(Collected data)

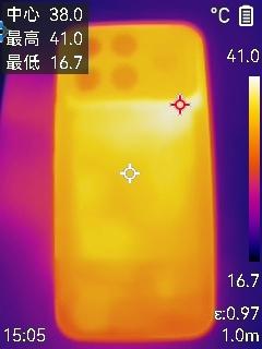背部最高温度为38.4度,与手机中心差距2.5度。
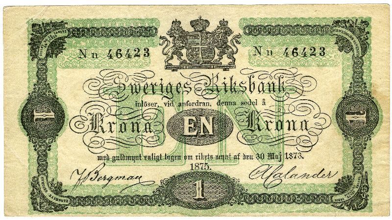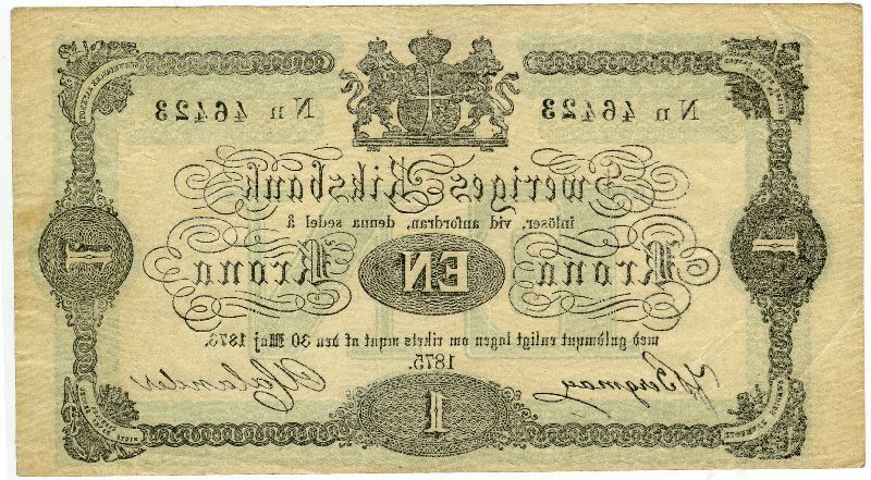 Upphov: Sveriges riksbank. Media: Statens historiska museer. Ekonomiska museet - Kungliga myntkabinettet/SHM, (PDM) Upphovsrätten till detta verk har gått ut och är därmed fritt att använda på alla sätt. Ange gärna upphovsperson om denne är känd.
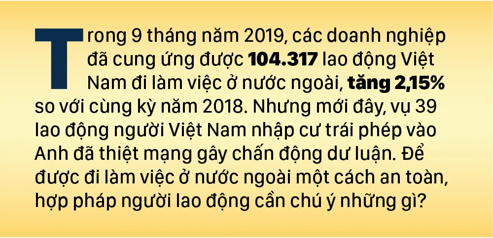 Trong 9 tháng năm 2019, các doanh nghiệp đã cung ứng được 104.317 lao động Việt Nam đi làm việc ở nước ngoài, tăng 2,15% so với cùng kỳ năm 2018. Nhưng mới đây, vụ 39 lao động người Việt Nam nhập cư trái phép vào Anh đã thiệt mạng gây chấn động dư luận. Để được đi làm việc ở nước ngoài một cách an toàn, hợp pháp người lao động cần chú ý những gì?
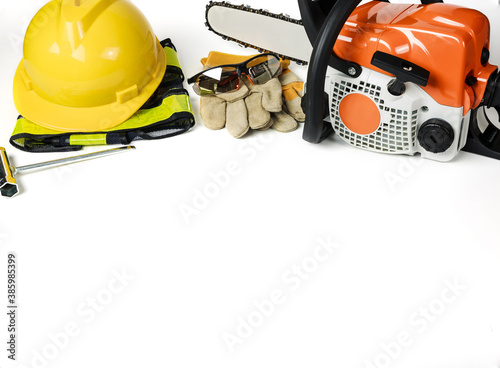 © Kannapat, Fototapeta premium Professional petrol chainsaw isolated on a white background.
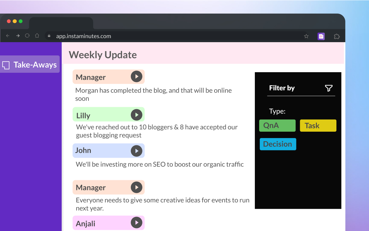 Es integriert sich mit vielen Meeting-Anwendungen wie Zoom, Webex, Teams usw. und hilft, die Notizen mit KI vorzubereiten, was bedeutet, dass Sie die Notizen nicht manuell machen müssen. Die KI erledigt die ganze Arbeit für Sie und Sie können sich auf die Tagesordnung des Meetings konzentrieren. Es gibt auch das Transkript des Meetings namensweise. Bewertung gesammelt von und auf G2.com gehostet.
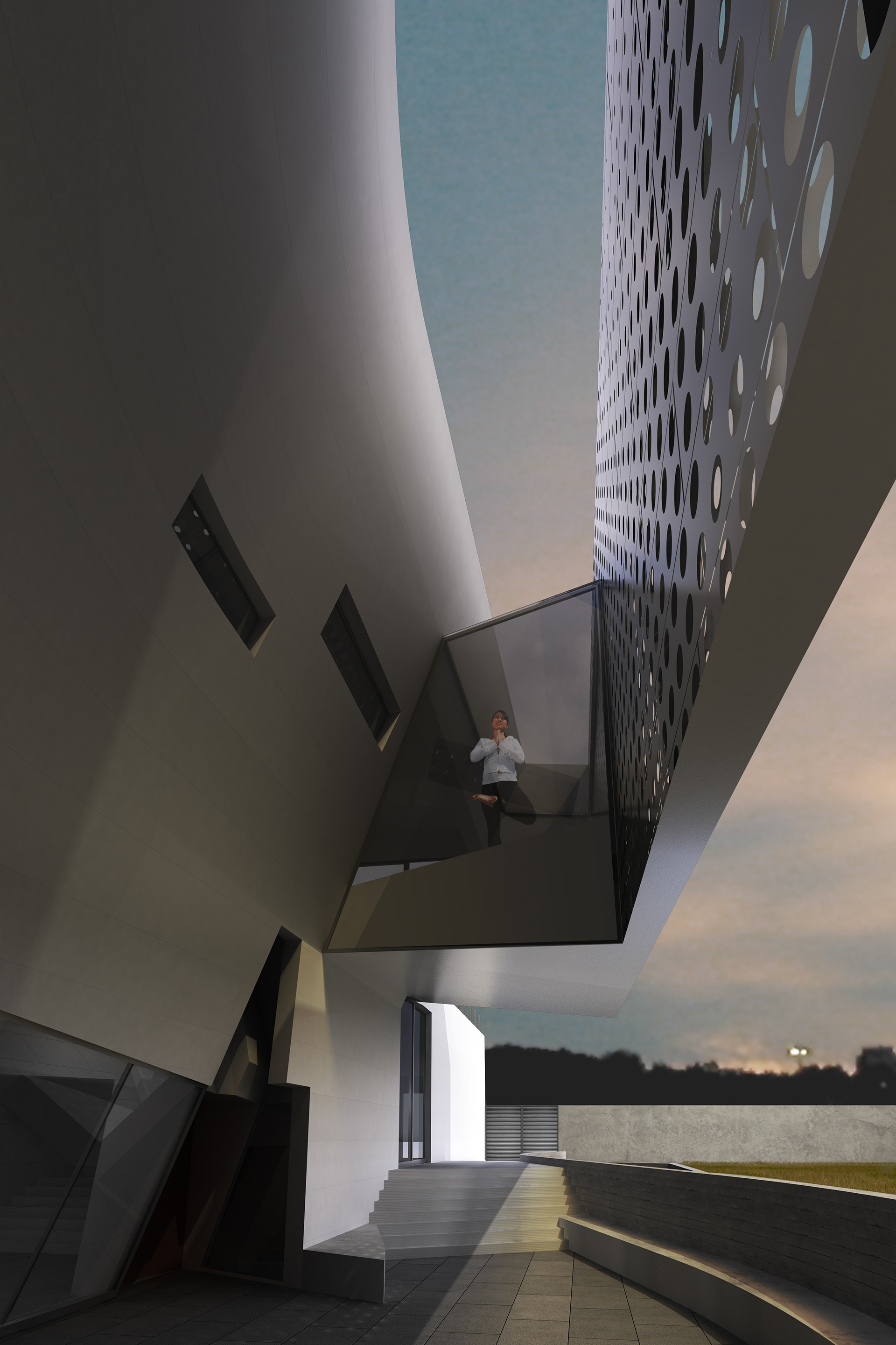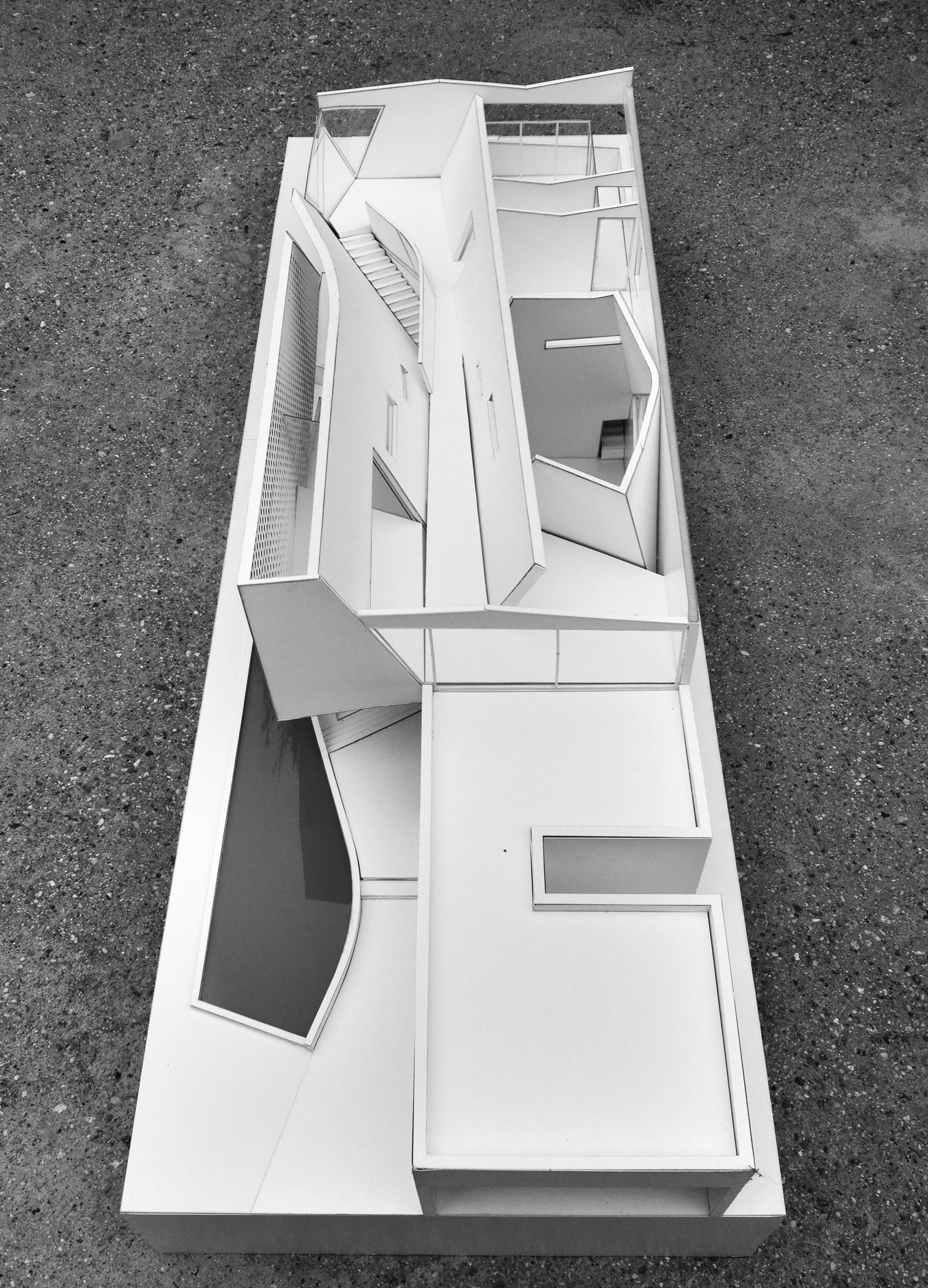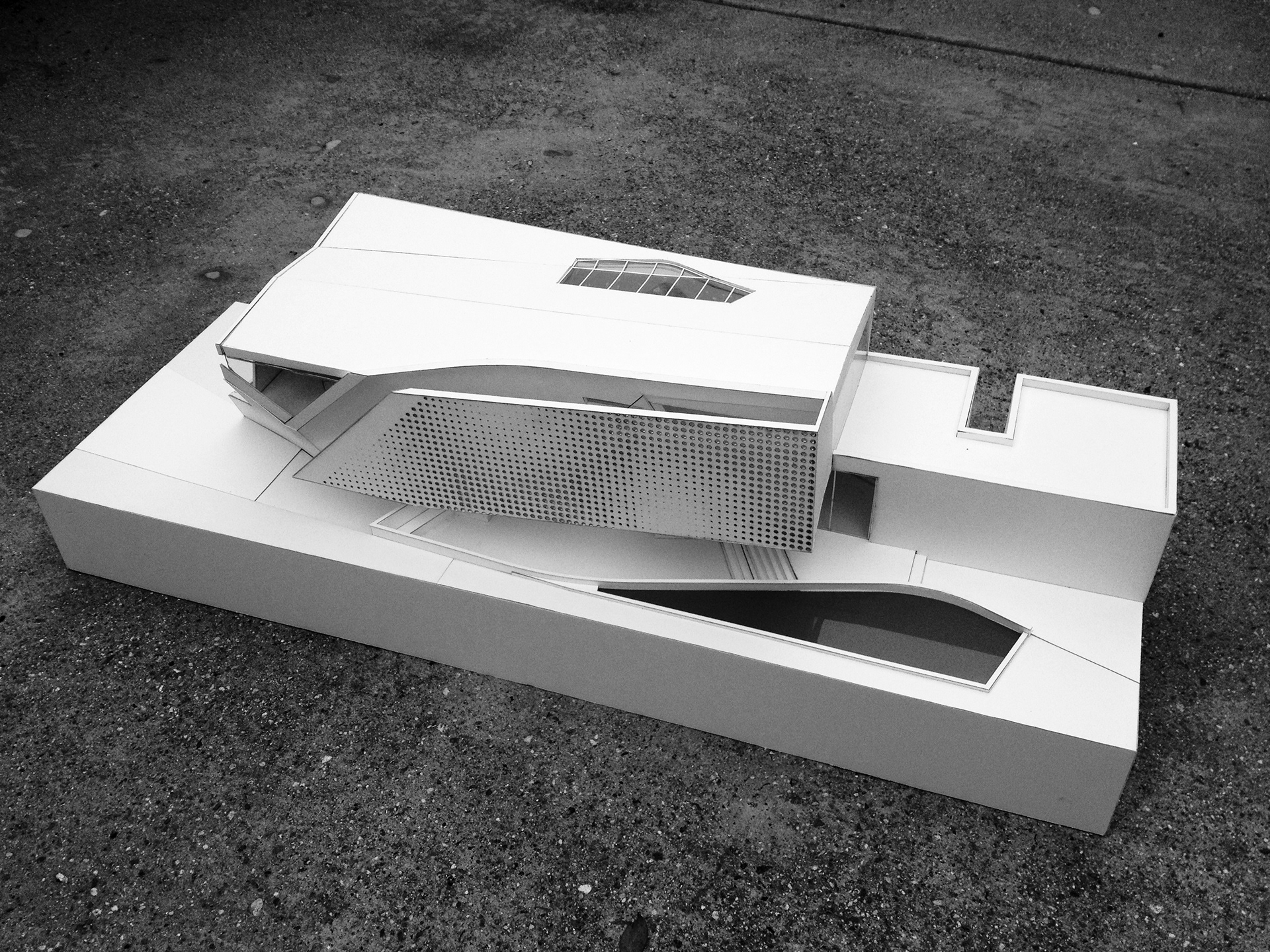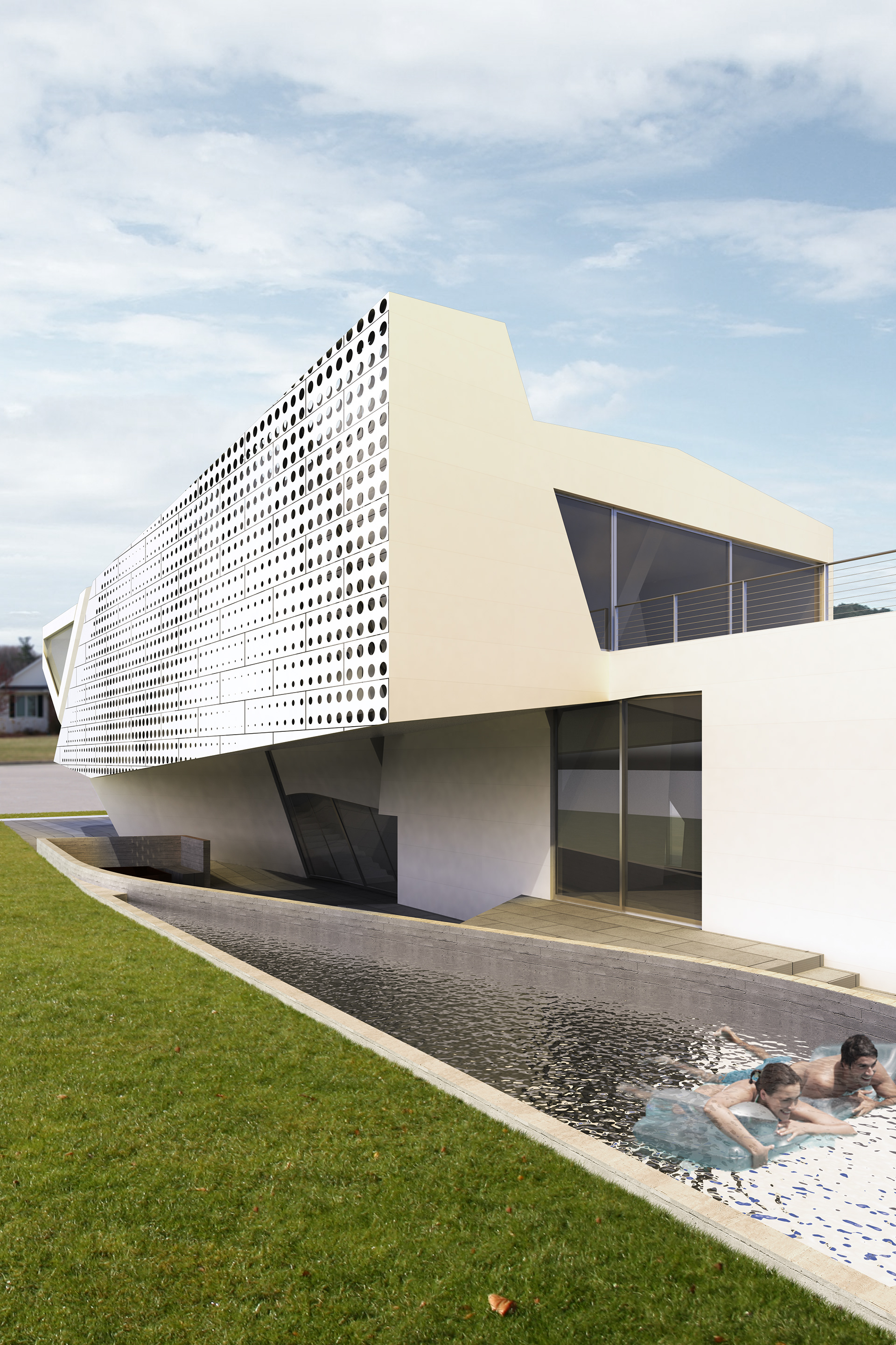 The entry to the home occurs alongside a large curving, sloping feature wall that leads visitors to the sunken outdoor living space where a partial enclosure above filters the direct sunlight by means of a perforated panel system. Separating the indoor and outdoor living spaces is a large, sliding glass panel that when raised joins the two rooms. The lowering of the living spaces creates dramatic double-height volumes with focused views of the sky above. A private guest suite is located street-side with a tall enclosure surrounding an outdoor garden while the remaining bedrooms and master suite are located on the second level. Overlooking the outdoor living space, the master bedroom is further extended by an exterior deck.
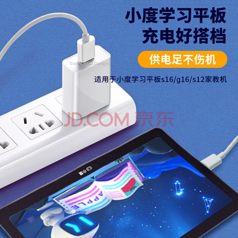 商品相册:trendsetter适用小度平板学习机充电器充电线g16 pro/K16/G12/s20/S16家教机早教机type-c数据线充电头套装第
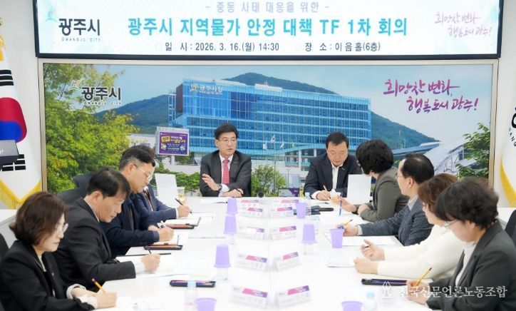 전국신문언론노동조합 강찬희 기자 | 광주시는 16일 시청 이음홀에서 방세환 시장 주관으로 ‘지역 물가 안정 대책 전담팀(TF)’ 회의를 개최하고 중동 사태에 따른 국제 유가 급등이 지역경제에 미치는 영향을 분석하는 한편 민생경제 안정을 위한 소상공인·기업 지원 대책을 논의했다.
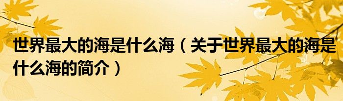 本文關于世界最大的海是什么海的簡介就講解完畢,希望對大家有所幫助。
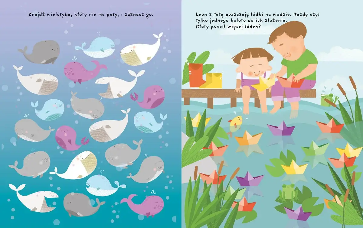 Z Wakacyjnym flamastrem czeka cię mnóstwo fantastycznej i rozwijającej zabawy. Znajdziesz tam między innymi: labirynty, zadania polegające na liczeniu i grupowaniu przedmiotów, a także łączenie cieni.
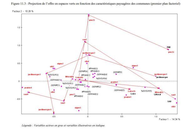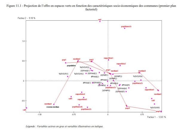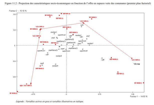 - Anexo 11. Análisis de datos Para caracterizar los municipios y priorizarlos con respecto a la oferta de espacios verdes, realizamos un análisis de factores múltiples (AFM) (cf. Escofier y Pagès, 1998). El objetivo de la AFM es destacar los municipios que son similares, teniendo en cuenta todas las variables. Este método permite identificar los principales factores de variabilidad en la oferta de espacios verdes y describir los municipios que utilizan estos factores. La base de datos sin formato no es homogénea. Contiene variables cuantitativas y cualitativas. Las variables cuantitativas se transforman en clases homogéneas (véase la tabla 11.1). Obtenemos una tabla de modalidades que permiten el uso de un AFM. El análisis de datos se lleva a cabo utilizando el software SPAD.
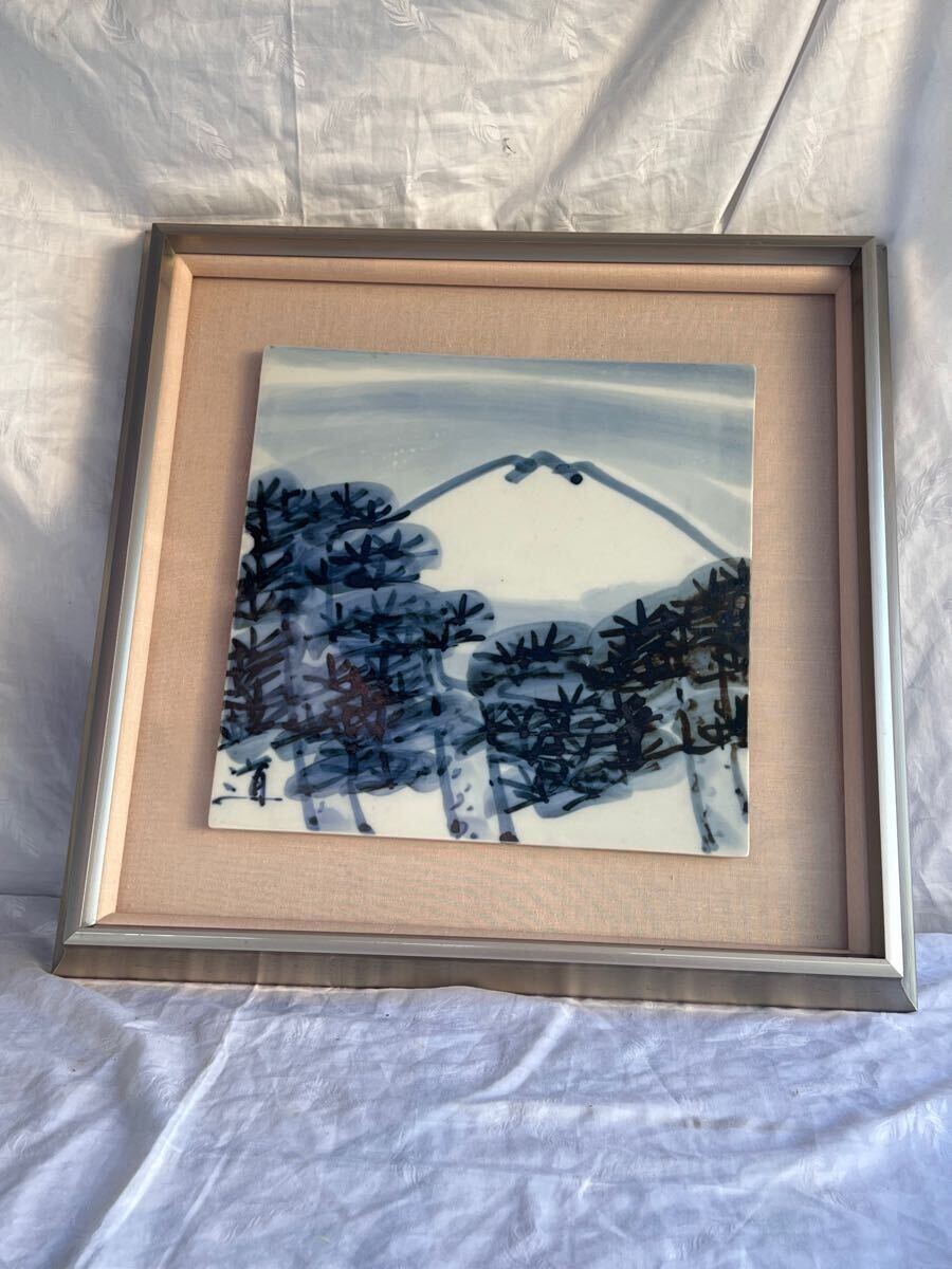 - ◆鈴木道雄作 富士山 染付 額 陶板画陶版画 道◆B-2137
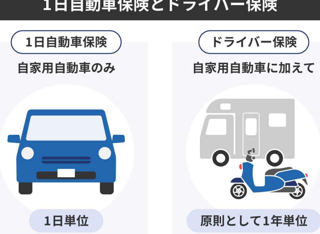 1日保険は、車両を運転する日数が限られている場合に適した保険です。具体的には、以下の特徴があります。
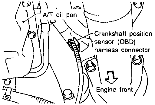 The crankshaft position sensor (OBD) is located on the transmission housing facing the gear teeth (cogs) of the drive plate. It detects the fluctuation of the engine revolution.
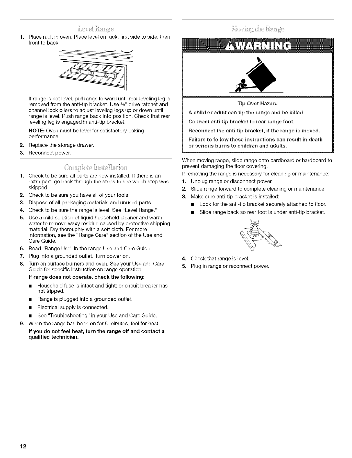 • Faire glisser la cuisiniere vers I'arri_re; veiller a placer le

• [Work item]:
Do not copy pictures. Restate exactly the lines from the one containing "1日保険は、車両を運転する日" through the last line of the records.

• [Solution to the exercise]:
 1日保険は、車両を運転する日数が限られている場合に適した保険です。具体的には、以下の特徴があります。
 The crankshaft position sensor (OBD) is located on the transmission housing facing the gear teeth (cogs) of the drive plate. It detects the fluctuation of the engine revolution.
 • Faire glisser la cuisiniere vers I'arri_re; veiller a placer le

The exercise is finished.